Fit UMAP on the input data.

Parameters:
  • X (ArrayLike of shape (n_samples, n_features)) – Training data.

  • y (ArrayLike, optional) – Optional supervision supported by UMAP.

Returns:

Fitted reducer instance.

Return type:

UMAPReducer

Raises:
  • ImportError – If umap-learn is not installed.

  • RuntimeError – If umap-learn is installed but fails during initialization.

transform(X: coco_pipe.dim_reduction.reducers.base.ArrayLike) numpy.ndarray[source]

Project data using the fitted UMAP model.

Parameters:

X (ArrayLike of shape (n_samples, n_features)) – Data to project.

Returns:

Low-dimensional embedding coordinates.

Return type:

np.ndarray of shape (n_samples, n_components)

Raises:

RuntimeError – If the reducer has not been fitted.

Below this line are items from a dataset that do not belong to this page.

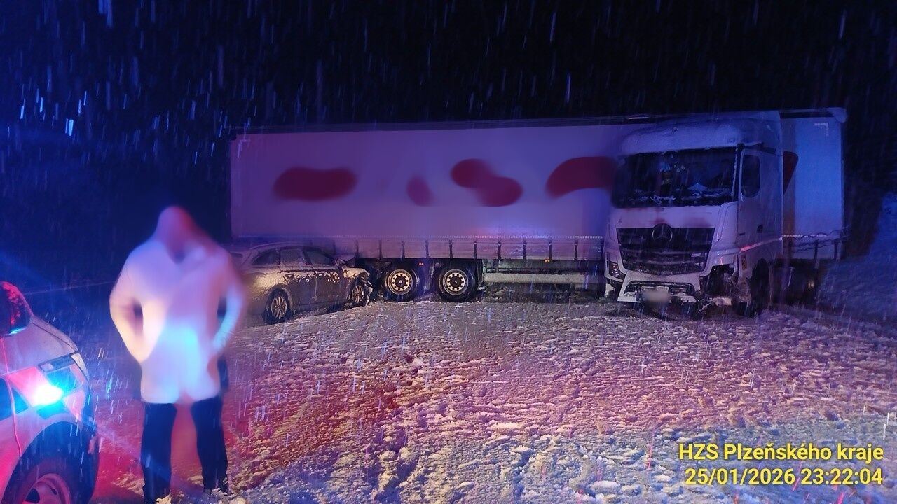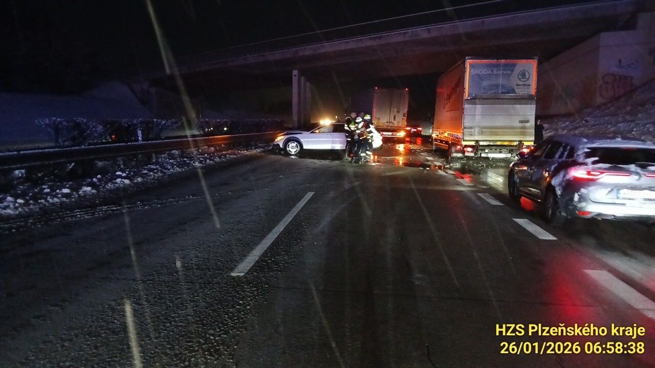 Před sedmou hodinou ranní pak ledovka způsobila další komplikace na dálnici D5, tentokrát u exitu Heřmanova Huť ve směru na Rozvadov. „Zasahujeme u nehody dvou osobních aut a kamionu. Tato událost je naštěstí bez zranění, ale výrazně komplikuje dopravu. Provoz je veden pouze jedním pruhem a komunikace je v místě silně namrzlá,“ varoval Petr Poncar.
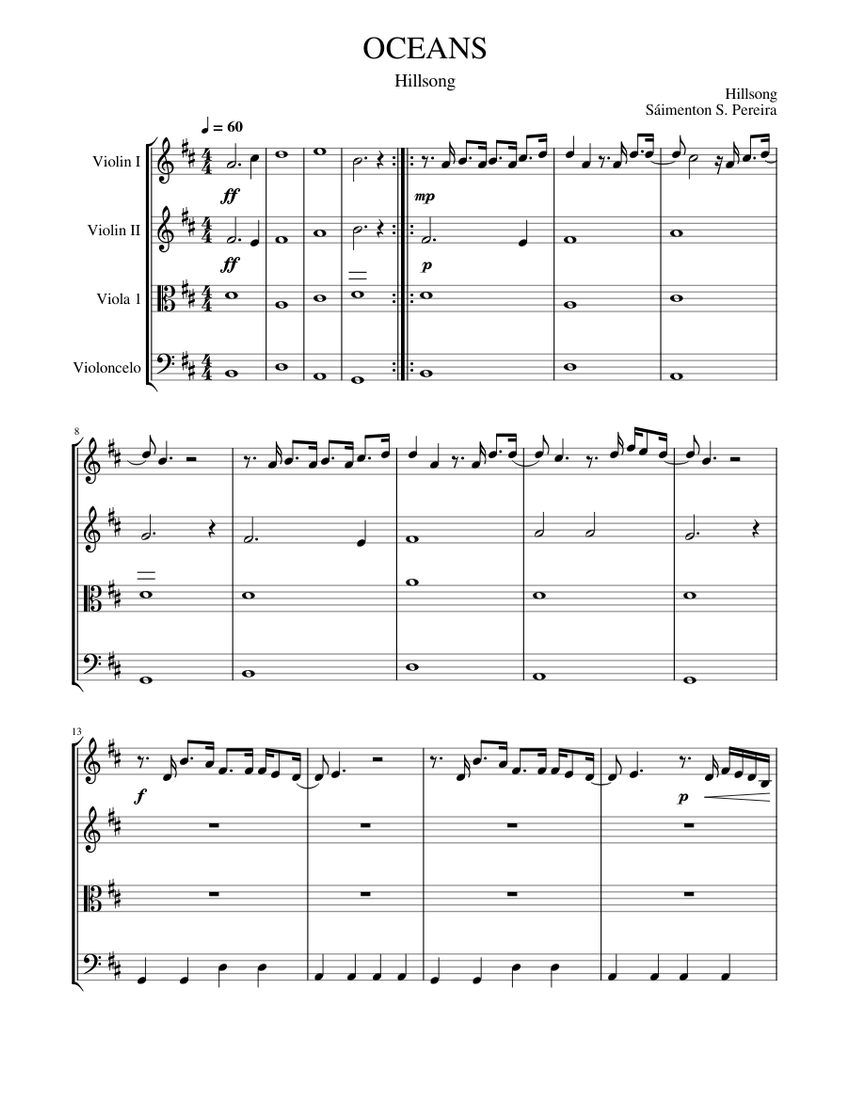 Oceans - string quartet - Hillsong United - quarteto cordas - partitura ...
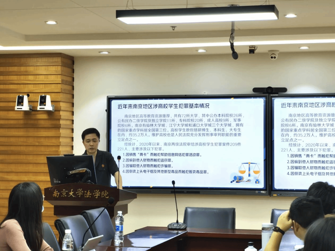 研究生团总支、2021级法学硕士团支部共同承办。南京市中级人民法院刑一庭法官、南大校友周晓作为主讲人,针对案件办理过程中遇到的高校学生犯罪类型进行法治宣讲,重点分享了当前“帮信”刑事案件的形态、特点及其防范对策。市法院刑一庭法官助理刘婷婷、2021级法学硕士团支部学生参与了活动。
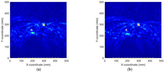 - Derveaux, G.; Papanicolaou, G.; Tsogka, C. Time reversal imaging for sensor networks with optimal compensation in time. J. Acoust. Soc. Am. 2007, 121, 2071–2085. [Google Scholar] [CrossRef] [PubMed]
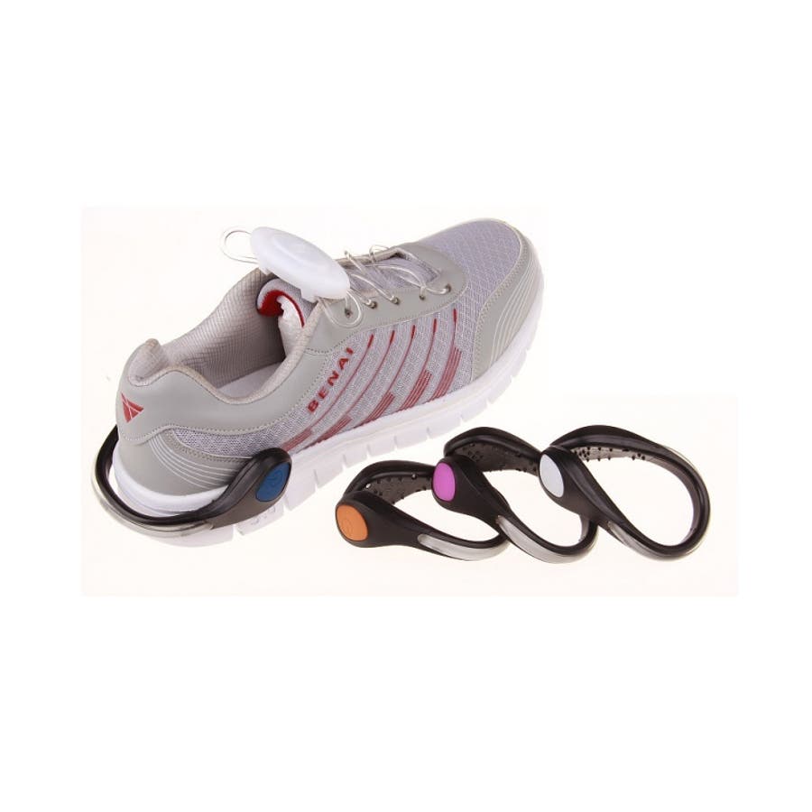 靴に挟むだけで使える、点灯・点滅機能付きのLEDシューズクリップです。
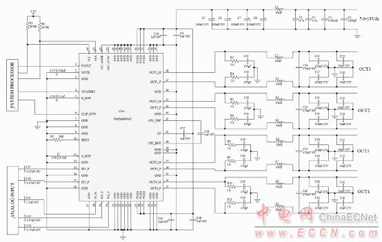 圖2.TAS5404-Q1典型應(yīng)用電路圖
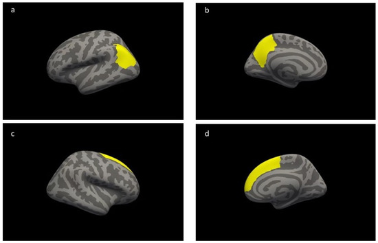 Compared with the control group, the athlete group showed greater cortical thickness in the colored brain regions based on the parcel-wise analysis: (a) indicates the left inferior parietal lobe, (b) indicates the left precuneus, and (c,d) the lateral view of the inferior view of the right superior frontal lobe.
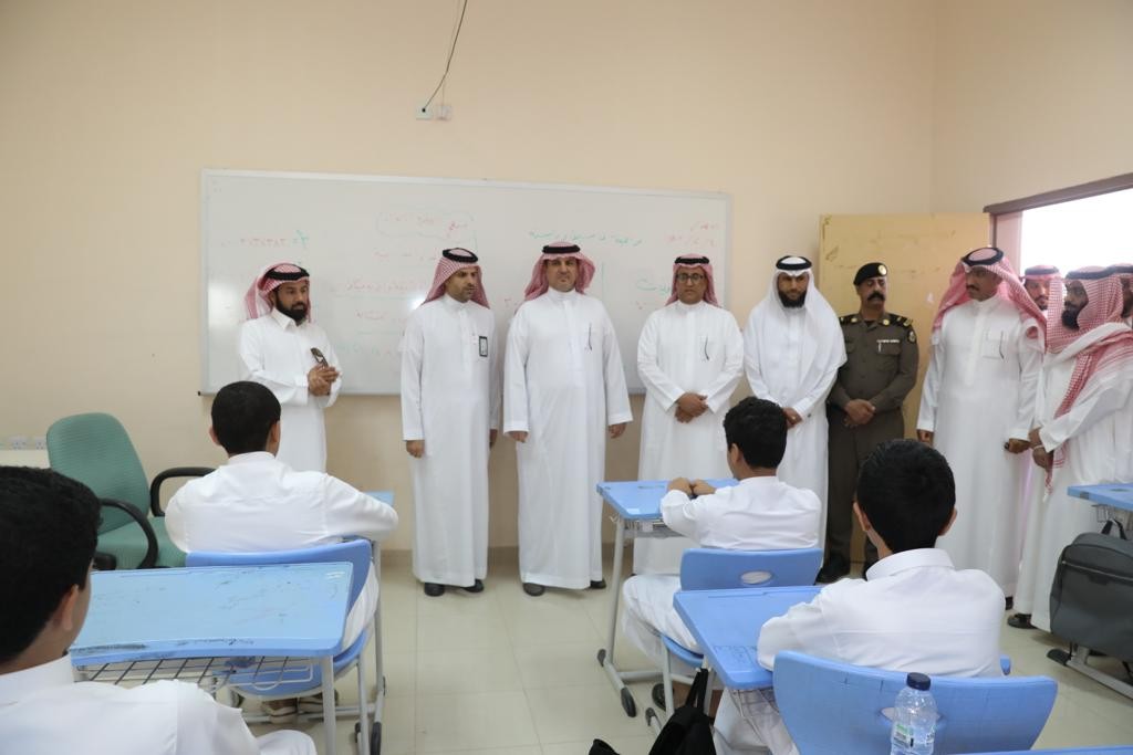 حيث كان في استقباله مدير التعليم / سفر بن محمد بريدي ومدير المدرسة ومنسوبوها.
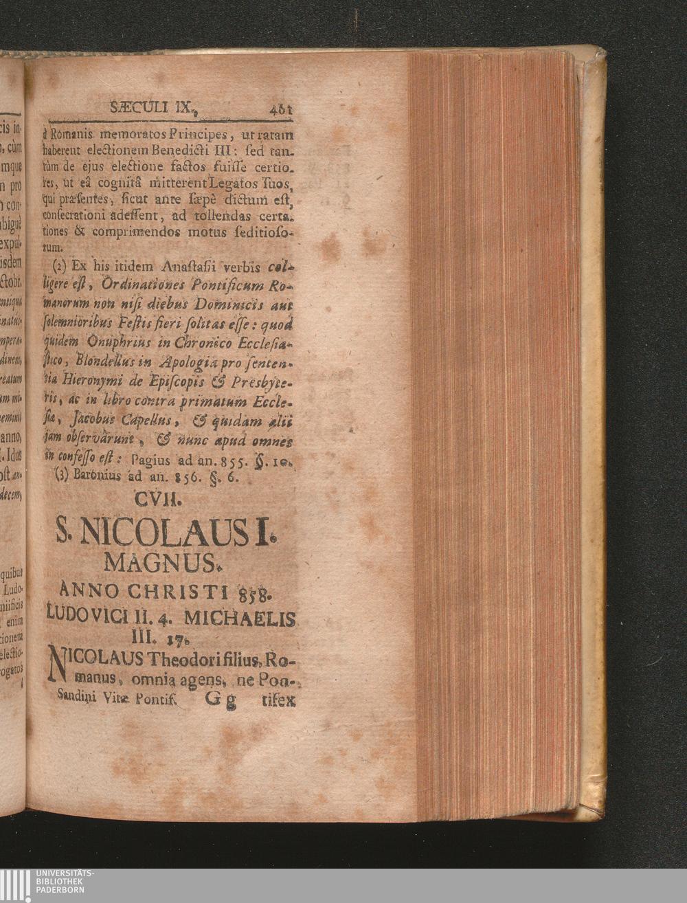 CVII. S. Nicolaus I. Magnus. anno Christi 858. Ludovici II. 4. Michaelis III. 17[...]
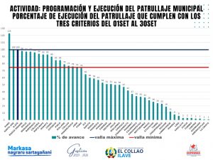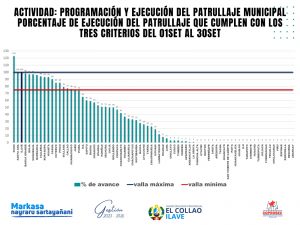 El gráfico adjunto refleja el porcentaje de patrullajes ejecutados durante dicho período, cumpliendo con los tres criterios evaluados: 85 km recorridos, 210 minutos en Área Patrullada (AP) y registro de 03 ocurrencias diarias. Para ser considerados «válidos» en la evaluación del patrullaje, es imperativo que cumplan con el porcentaje requerido según la guía, que establece un mínimo del 75% del patrullaje programado.
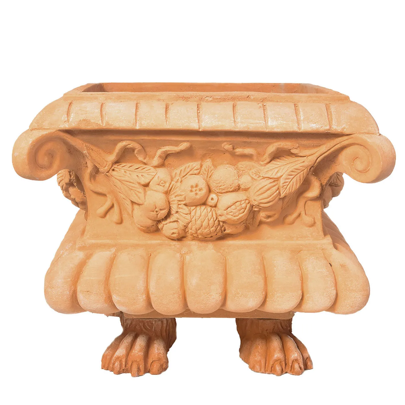 Questa fioriera artistica esemplifica l’impareggiabile qualità della terracotta artigianale del distretto ceramico dell’Impruneta, vicino a Firenze. Una ghirlanda tridimensionale a forma di natura morta orna i lati, insieme a volute e volumi incanalati. Il vaso è sollevato da due piedi a forma di zampe di leone, per un dettaglio eccentrico che darà carattere a qualsiasi terrazza o patio. Certificato CAT.
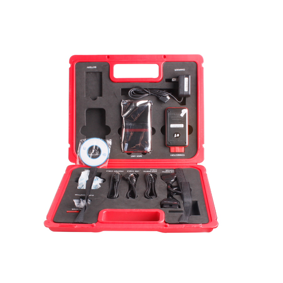 Mala vermelha é composta por: Máquina, software, unidade de leitura bluetooth OBDII, carregador e bateria.
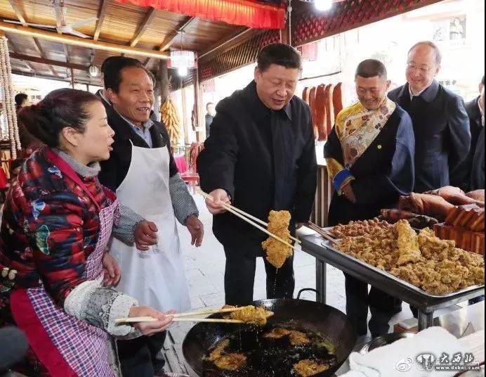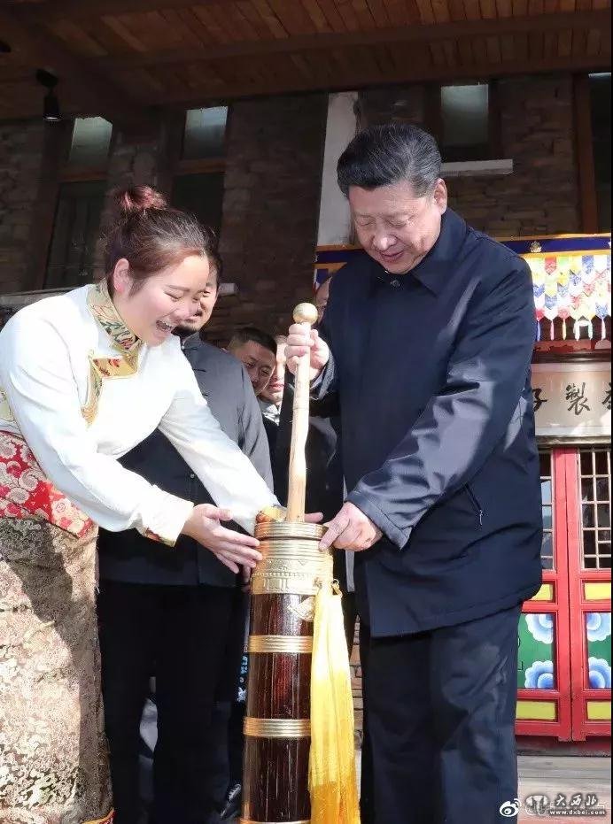 2018年2月12日,习近平总书记前往四川汶川县映秀镇考察。实地察看这里震后10年的发展振兴情况。在当地群众经营的制茶坊,总书记了解发展茶产业带动群众致富的情况,还亲自操作打酥油茶。在村民开办的饭店,总书记问生意怎么样,一家人的生活过得好不好。他还体验了炸酥肉和磨豆花的过程。总书记转动磨盘,笑着说:“很练臂力啊,真是越磨越带劲。”现场响起阵阵欢声笑语。
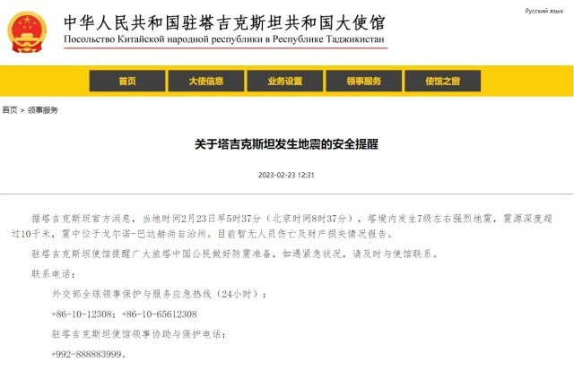 央視網(wǎng)消息:中國(guó)駐塔吉克斯坦大使館2月23日發(fā)布關(guān)于塔吉克斯坦發(fā)生地震的安全提醒。
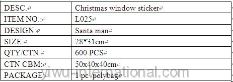this L025 santa set pvc sticker–christmas window sticker which use the PVC material, has good quality and reasonable price.Yiwu International Trade Co.,Ltd can provide you christmas deccoration, christmas oranments,candle holder, christmas gift, christmas ball and so on.welcome to connect us.
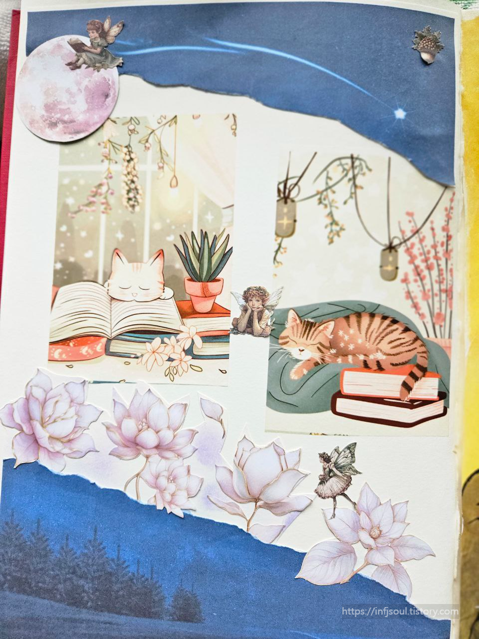 책과 쿠션 위에서 편안히 잠든 고양이, 그리고 꽃과 나비, 요정 스티커로 장식했어요.
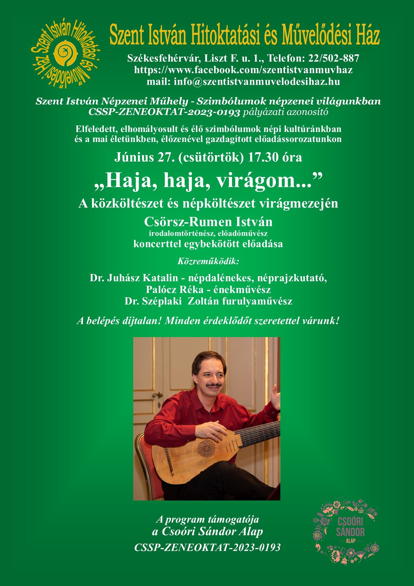 A Szent István Népzenei Műhely – Szimbólumok népzenei világunkban előadássorozat Csörsz-Rumen István irodalomtörténész, előadóművész koncerttel egybekötött, „Haja, haja, virágom…” - A közköltészet és népköltészet virágmezején című előadásával folytatódik.
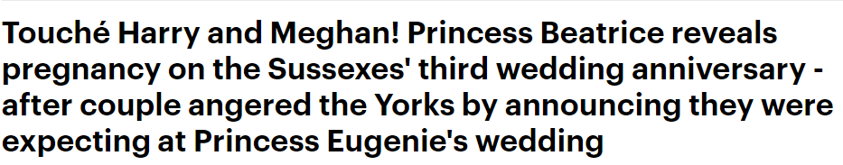 Туше Гарри и Меган! Принцесса Беатрис рассказала о своей беременности в третью годовщину свадьбы герцогов Сассекских - после того, как эта пара разозлила Йорков, объявив прямо на свадьбе принцессы Евгении, что ждут ребенка.

class coco_pipe.dim_reduction.reducers.neighbor.PacmapReducer(n_components: int = 2, n_neighbors: int = 10, MN_ratio: float = 0.5, FP_ratio: float = 2.0, nn_backend: str = 'faiss', init: str = 'pca', **kwargs)[source]

Bases: coco_pipe.dim_reduction.reducers.base.BaseReducer

PaCMAP reducer.

Pairwise Controlled Manifold Approximation (PaCMAP) preserves local and global structure by balancing near, mid-near, and far pairs during the optimization.

Parameters:
  • n_components (int, default=2) – Number of embedding dimensions.

  • n_neighbors (int, default=10) – Number of neighbors used to form local pairs.

  • MN_ratio (float, default=0.5) – Ratio of mid-near pairs.

  • FP_ratio (float, default=2.0) – Ratio of far pairs.

  • nn_backend ({"faiss", "annoy", "voyager"}, default="faiss") – Nearest-neighbor backend used by recent PaCMAP versions. Older PaCMAP releases that do not expose this argument will ignore it through signature filtering.

  • init (str, default="pca") – Initialization strategy passed to fit_transform.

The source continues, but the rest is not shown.